The use of these anti-bacterial drugs needs to be done under the guidance of a doctor to avoid abuse leading to resistance. Principles and care for the use of common antibacterial drugs are described below.
Principles of use
Explicit diagnosis: Bacteriological infection must be identified before it is used because antibacterial drugs are not effective for viral infections. For example, common colds, mostly caused by viruses, usually do not require antibacterials.
Targeted drug: Select appropriate antibacterial drugs based on pathogen type and drug sensitivity test results. For example, the treatment of golden septococcus infection is optional for penicillin resistance.
Appropriate dosages and treatment procedures: dosages are appropriate, dosages are too small to be treated, and excessive can have toxic side effects. The treatment process is also sufficient, as for tuberculosis treatment, for a short period of 6 – 9 months and for a long period of 12 – 18 months, to ensure the complete elimination of pathogens.
Avoid abuse: Abuse leads to increased bacterial resistance. The random use of a drug such as a hemorrhoid can reduce bacteria ‘ sensitivity to such a drug. Special population groups: special population groups such as pregnant women, nursing women and children should be used with caution. For example, amino sugar can affect the hearing of foetuses and children, and pregnant women and children generally avoid use.
Joint drug use: Joint use should take into account the interaction between drugs. For example, combinations of chlorocin and large cyclic esters may compete for joint parts, leading to reduced efficacy. (b) Observation of adverse effects: be observed during use. Gastrointestinal reactions, central nervous system reactions, etc. may occur if quinone-type drugs are used, and they need to be treated in a timely manner if they become uncomfortable.

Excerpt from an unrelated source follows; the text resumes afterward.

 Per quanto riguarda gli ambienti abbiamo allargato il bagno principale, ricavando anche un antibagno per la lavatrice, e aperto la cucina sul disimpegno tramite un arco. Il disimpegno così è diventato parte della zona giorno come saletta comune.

What is the rationale for the well-known conflict between headbump antibacterial drugs and alcohol? The use of the twig with alcohol produces a double-sulphurium reaction. The rationale for the double-sulphurium sample reaction is that the acetylene dehydrogenase activity can be inhibited by apricot. When alcohol (ethanol) enters the human body, it is converted to ethanol dehydrogenase, which normally becomes acetic acid soon after ethanol dehydrogenase, and eventually decomposes into carbon dioxide and water discharges. However, the acetal dehydrogenase is inhibited by the administration of the edium acetylene, which is not readily metabolismable and accumulates in the body. Symptoms include, inter alia, facial redness, haematoma, haematoma, blurred vision, severe or vibrating headaches in the neck, dizziness, nausea, vomiting, sweating, drying, chest pain, heart infarction, acute heart failure, breathing difficulties, acute liver damage, convulsion and death. The severity of this reaction is proportional to the dose of the drug and to the amount of alcohol consumed, and there is a different likelihood of a double-sulphuron-like reaction of different headgills. This reaction is more likely to occur in the case of head aqualone, cedars, etc. In order to avoid danger, drinking is prohibited for 7 – 10 days during the use of a head-stamp drug and after a stoppage.

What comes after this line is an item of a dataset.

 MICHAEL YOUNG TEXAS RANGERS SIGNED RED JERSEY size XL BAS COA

With the development of medicine, antibacterial drugs from different mechanisms are widely used in clinical and daily life, so we need to be better equipped with the principles of the use of antibacterial drugs, to be aware of the matter and to use them safely and correctly. In recent years, however, research on new types of antibacterial drugs, such as antibacterium, has developed rapidly, offering new hope for addressing the problem of bacterial resistance.